In one of his past lives, Jizo was a young woman who traveled to hell to rescue her suffering mother and subsequently vowed to save all beings suffering in these realms. The story became popular, and Jizo became associated with death, dying, and the realms of the dead, including judging the dead and guiding the virtuous to Pure Lands. While death may be the greatest journey, however, Jizo also protects pilgrims and other travelers on their earthly excursions. This explains his simple garb—like those he watches over, he is dressed for a long and arduous trip.

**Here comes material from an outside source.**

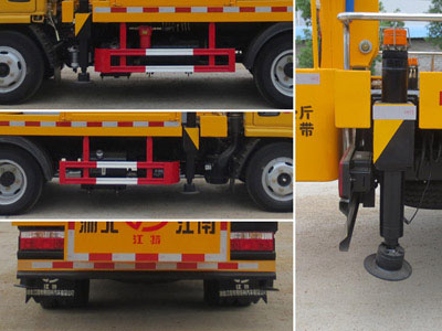 后伸:600mm;隨底盤選裝駕駛室;吊鉤為選裝件;側面防護及后下部防護裝置材料材質:Q235,連接方式:焊接加螺栓連接;后下部防護裝置斷面尺寸(寬贅?:30?00(mm),離地高度:380mm;ABS廠家及型號:襄陽東風隆誠機械有限責任公司/ABS/ASR-24V-4S/4M;主要專用裝置為折疊臂,用于搶修電力、通訊、路燈等高空作業. |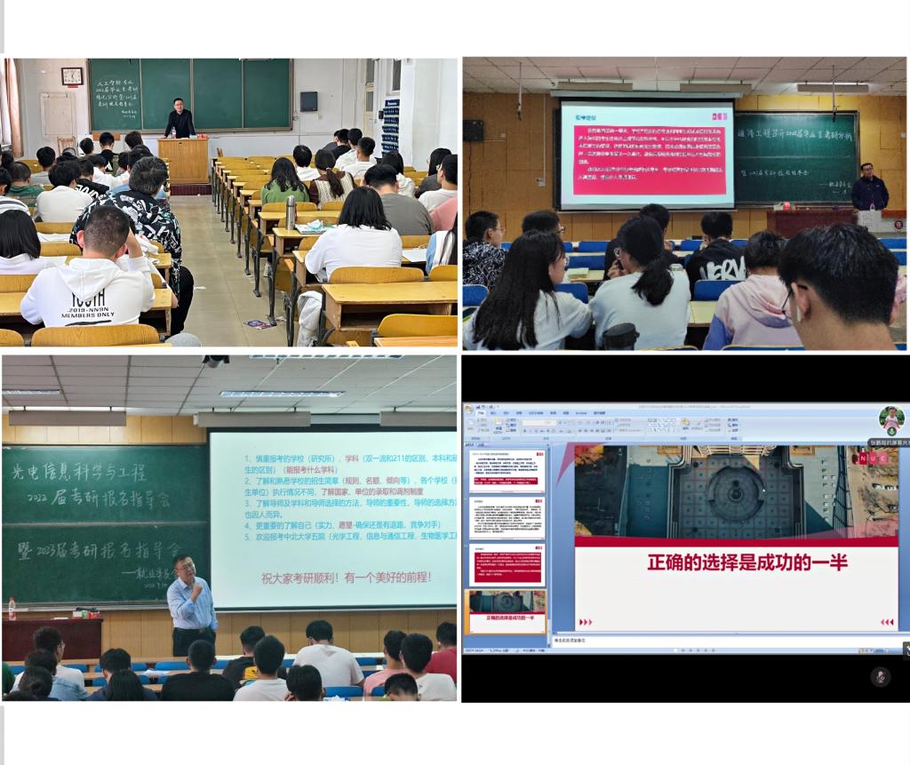2022年升学情况宣介会暨2023年考研报名指导会圆满结束,指导会借鉴“课程思政”思维,按专业细分指导单元,以“第一课堂”“第二课堂”紧密衔接的模式开展。光电科学与工程系主任程耀瑜、人工智能系主任陈平、电子信息工程专业负责人李凯、通信工程专业负责人王晨光、信息对抗专业负责人姚金杰、生物医学专业张鹏程受邀担任主讲嘉宾。

The Kshitigarbha Sutra relates the bodhisattva’s deeds in the various hells, which are described in excruciating detail. It also expounds on the bodhisattva’s filial piety by relating how the Buddha once traveled to a heavenly realm to teach the dharma to his mother. Some chapters describe how rituals should be conducted to honor departed ancestors and pray for fortunate rebirths.

In Japan, Jizo has taken on a special significance as the protector of children, particularly those who have been miscarried, aborted, or stillborn. As part of the mourning ceremony known as Mizuko Kuyo, statues of Jizo are often adorned by grieving parents with children’s accessories, including bibs, caps, and toys. Sometimes six statues of Jizo are presented side by side, representing the six realms from which he can rescue suffering souls.